就这样,两家的人聚齐了,就是为了迎接一个小生命的到来。
就这样,时间又过了两天。
这两天,也发生了很多事情。
港岛小报的社长以造谣等罪名被港岛警署逮捕。
同时,社长在港岛各大媒体对之前造谣的群体道歉。
然后就是港岛小报倒闭。
这一场看似是花边新闻的事情也终于结束了。
而郝建在达到目的的时候就返回了河阳。
据秦科伟透露,目前三地局正要和河阳分局的人合作,查实郝建有没有其他从事1450等非法行动。

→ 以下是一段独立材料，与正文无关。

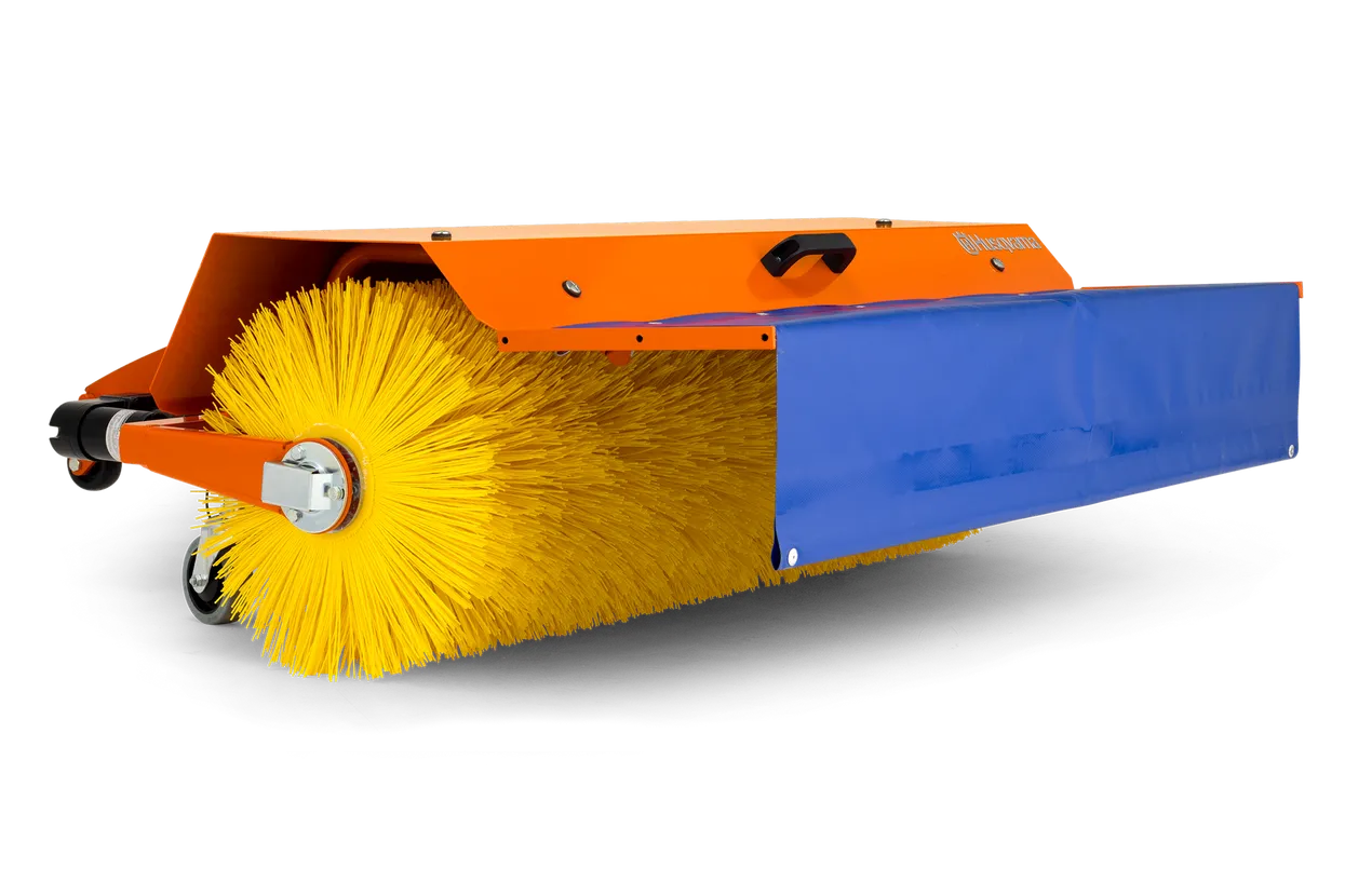 Powerful rotating broom for sweeping leaves, gravel, snow, etc. Easily angled in both directions from the control panel at the driver’s seat. Two rear solid support wheels follows the contour of the ground.

如果没有发现郝伟在内地存在1450的行为,他们快要收网了。
由于涉及到其他省份的高官,这件事他们肯定是要网上报的。
至于后果如何就不得而知了。
而登州方面的张苗苗他们也准时给孙宁汇报调查组的动向
就连王胜利都打来电话说调查组的人去了米水镇。
调查组的人也去了市局、教育局这些个孙宁拉来专项资金的地方调查。
综合起来,这次调查组是要动真格的了。
他们是准备把孙宁查个底掉!
孙宁听到后也没有什么反应。
他最关心的还是那些人站队的问题。
张苗苗也是骂骂咧咧的告诉孙宁,自调查组的人下来后,孔维龙办公室和家里的人多了不少。
其实去孔维龙家人也不算多,都是一些投机取巧的人。
聪明人都知道他肯定不行了,也不会投靠他。
现在是樊鹏家里高朋满座!
曾经想靠拢孙宁的几个乡镇和市局的领导,也提溜着礼品出现在了樊鹏的家里。
还有一位副市长和张阿庆的联系加深了一些。
让孙宁欣慰的是他看好的那几个人的立场还是坚定的。
像是孙二阳、张益默这些他提拔的人,甚至都准备联合起来要去中州市委找领导们反映问题。
这些人都是不会说话的实干派,他们就认有能力的人。
孙宁听说这件事后,气的是牙痒痒的。
专门给他们打个电话,一个接一个训斥了他们一顿,让他们好好干活。
其实孙宁还是挺满意这次事态的发展的。
这次孔维龙搞事也可以算是孙宁的拔脓行为。
等到这件事过后,登州的一切毒瘤都消失了,到那个时候登州就彻底划上了孙宁的标签。
可能这个标签会划上十年、二十年、五十年!
这天深夜11点38分,商柔有些痛苦的嘶哈了一声。
这些天,孙宁睡觉都很很轻的,他听到了动静连忙起来。
“怎么了?”
“痛了,宫缩也开始严重了。”
“去医院。”
五分钟后,整个别墅都亮起了灯光。
孙宁拿着提前准备好的待产包,带着商柔先行一步去了医院。
家里长辈随即在保镖的带领下前往。